Look in the data below for the line that has "Der Elùtop ComPack", then print exactly every line from there through the line that has "mundhenk ist neben", leaving pictures out.

◆ **Supplied data**
Content starts
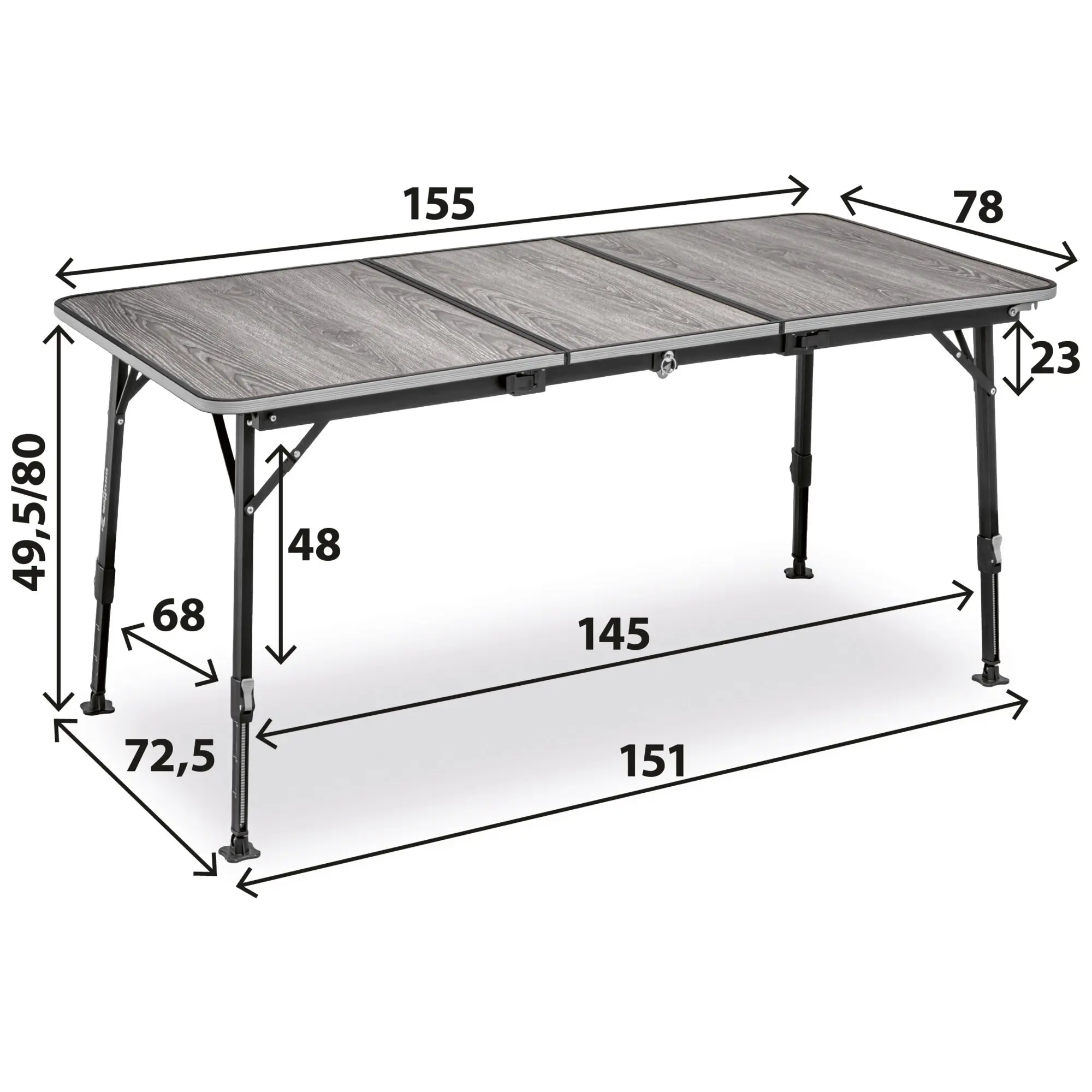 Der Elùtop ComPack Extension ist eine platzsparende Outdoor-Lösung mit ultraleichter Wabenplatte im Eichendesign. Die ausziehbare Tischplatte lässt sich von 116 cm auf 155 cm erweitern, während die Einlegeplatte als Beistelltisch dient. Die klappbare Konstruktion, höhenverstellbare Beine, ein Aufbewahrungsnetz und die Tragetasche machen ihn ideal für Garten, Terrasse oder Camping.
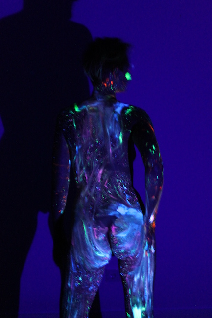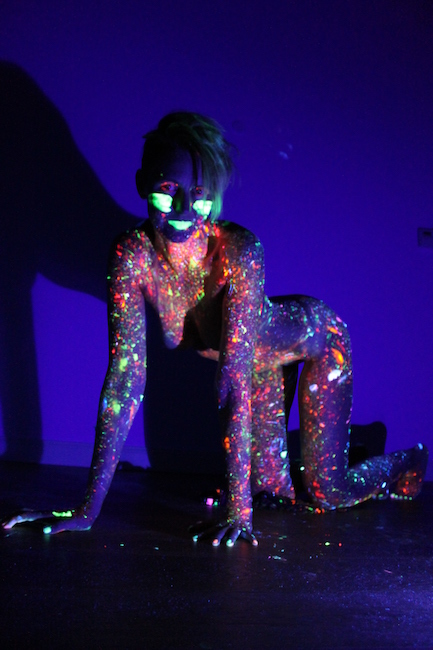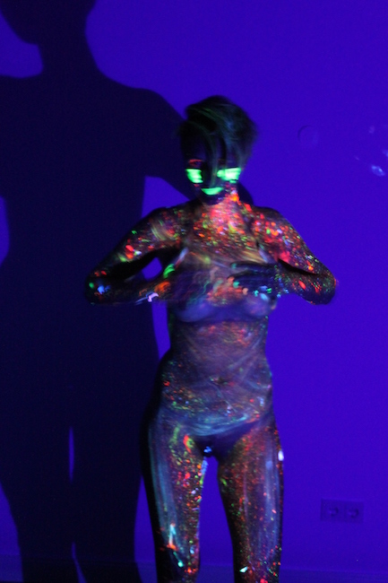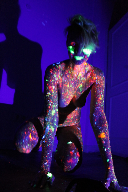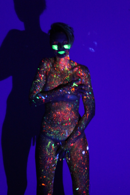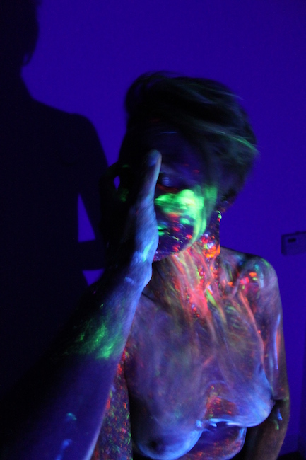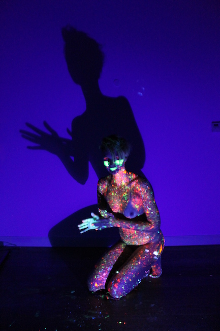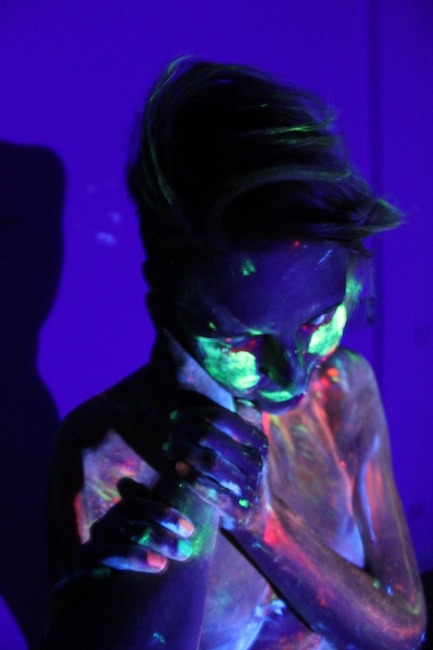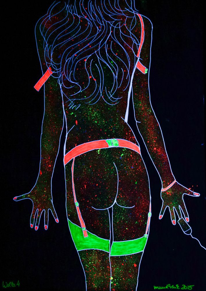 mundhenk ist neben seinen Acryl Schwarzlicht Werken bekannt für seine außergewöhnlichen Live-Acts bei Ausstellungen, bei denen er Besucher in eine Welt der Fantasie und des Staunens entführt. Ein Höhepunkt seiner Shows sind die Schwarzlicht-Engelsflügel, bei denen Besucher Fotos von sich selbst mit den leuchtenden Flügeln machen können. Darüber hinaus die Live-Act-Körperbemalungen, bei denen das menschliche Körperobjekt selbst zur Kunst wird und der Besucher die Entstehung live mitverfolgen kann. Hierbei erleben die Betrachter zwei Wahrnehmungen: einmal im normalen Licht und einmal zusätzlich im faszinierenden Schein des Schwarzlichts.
Content ends
Content starts
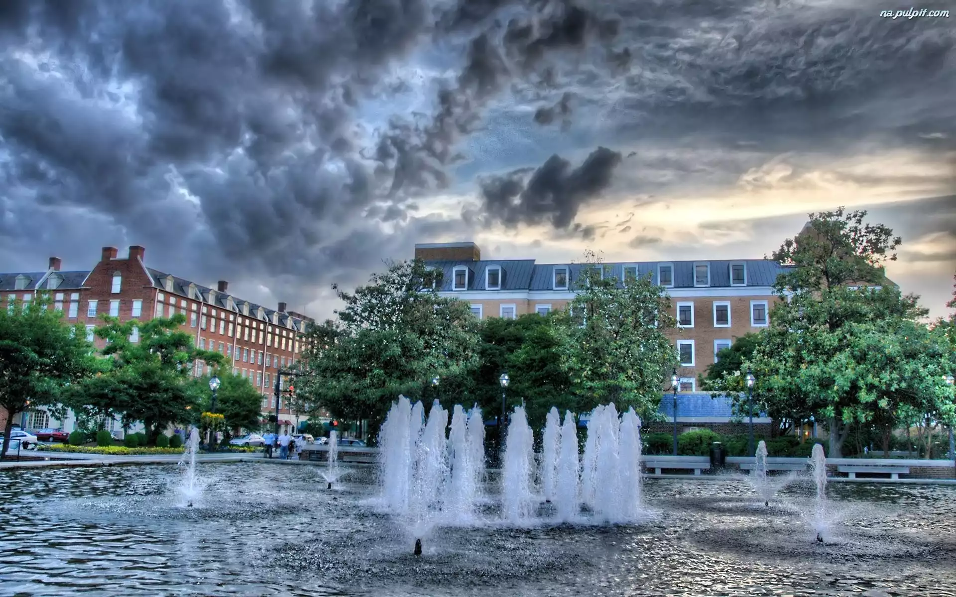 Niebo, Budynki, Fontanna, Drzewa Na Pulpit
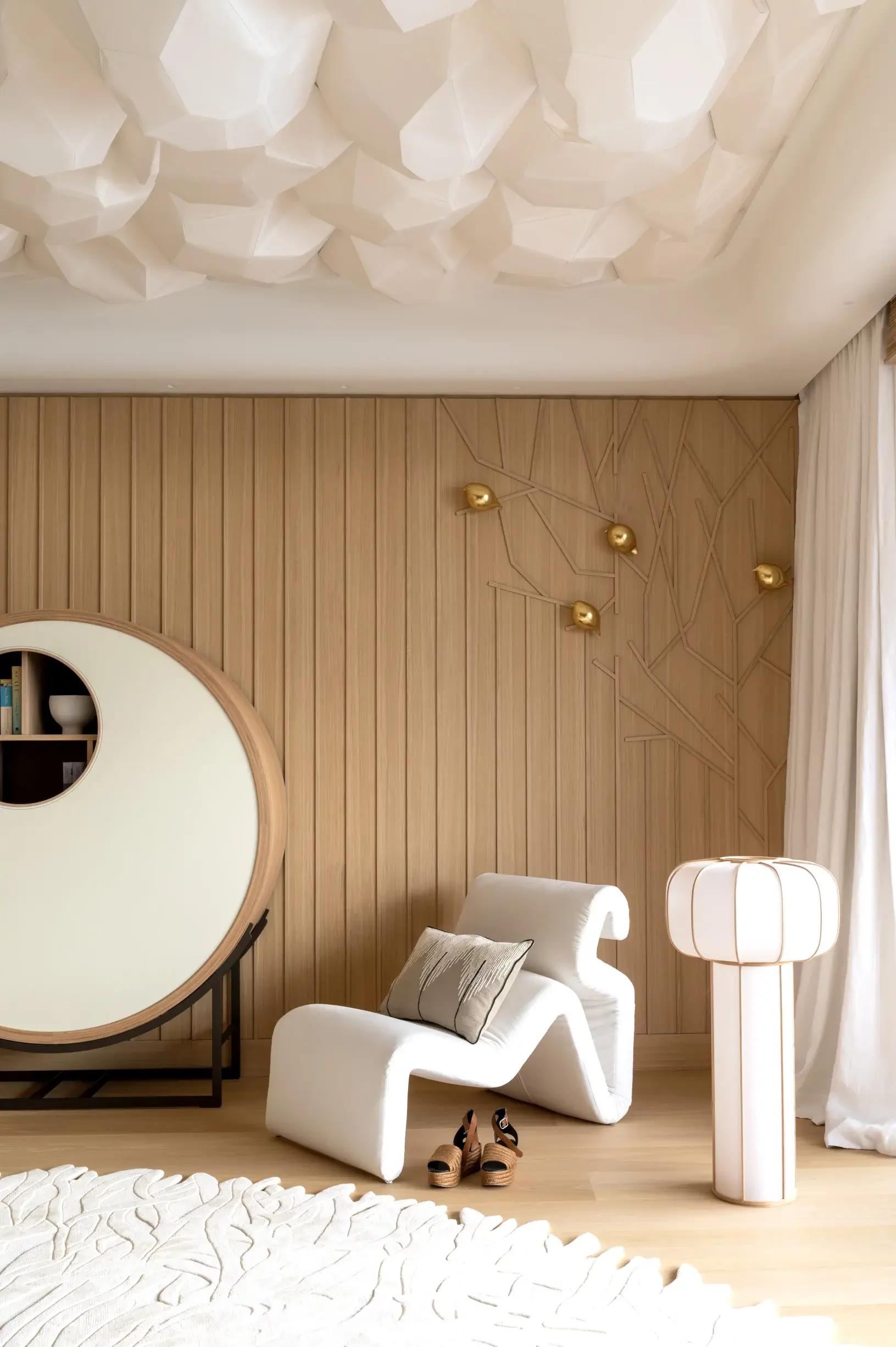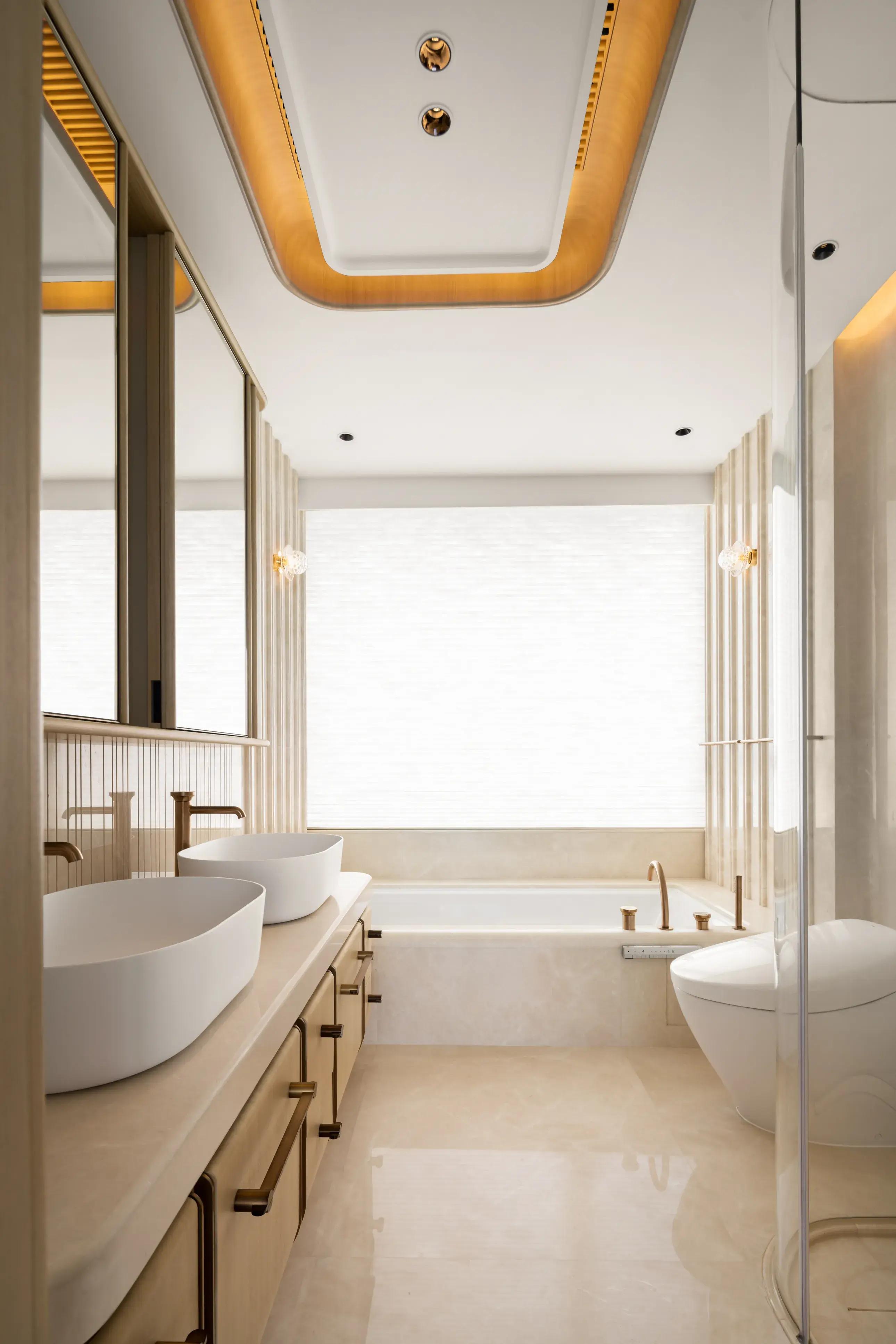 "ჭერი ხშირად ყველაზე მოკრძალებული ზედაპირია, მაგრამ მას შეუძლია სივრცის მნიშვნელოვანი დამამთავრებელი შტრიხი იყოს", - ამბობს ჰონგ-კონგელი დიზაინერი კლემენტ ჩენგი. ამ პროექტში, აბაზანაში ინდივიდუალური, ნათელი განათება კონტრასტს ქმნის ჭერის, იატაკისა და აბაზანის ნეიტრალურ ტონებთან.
Content ends
◆ **Output**
 Der Elùtop ComPack Extension ist eine platzsparende Outdoor-Lösung mit ultraleichter Wabenplatte im Eichendesign. Die ausziehbare Tischplatte lässt sich von 116 cm auf 155 cm erweitern, während die Einlegeplatte als Beistelltisch dient. Die klappbare Konstruktion, höhenverstellbare Beine, ein Aufbewahrungsnetz und die Tragetasche machen ihn ideal für Garten, Terrasse oder Camping.
 mundhenk ist neben seinen Acryl Schwarzlicht Werken bekannt für seine außergewöhnlichen Live-Acts bei Ausstellungen, bei denen er Besucher in eine Welt der Fantasie und des Staunens entführt. Ein Höhepunkt seiner Shows sind die Schwarzlicht-Engelsflügel, bei denen Besucher Fotos von sich selbst mit den leuchtenden Flügeln machen können. Darüber hinaus die Live-Act-Körperbemalungen, bei denen das menschliche Körperobjekt selbst zur Kunst wird und der Besucher die Entstehung live mitverfolgen kann. Hierbei erleben die Betrachter zwei Wahrnehmungen: einmal im normalen Licht und einmal zusätzlich im faszinierenden Schein des Schwarzlichts.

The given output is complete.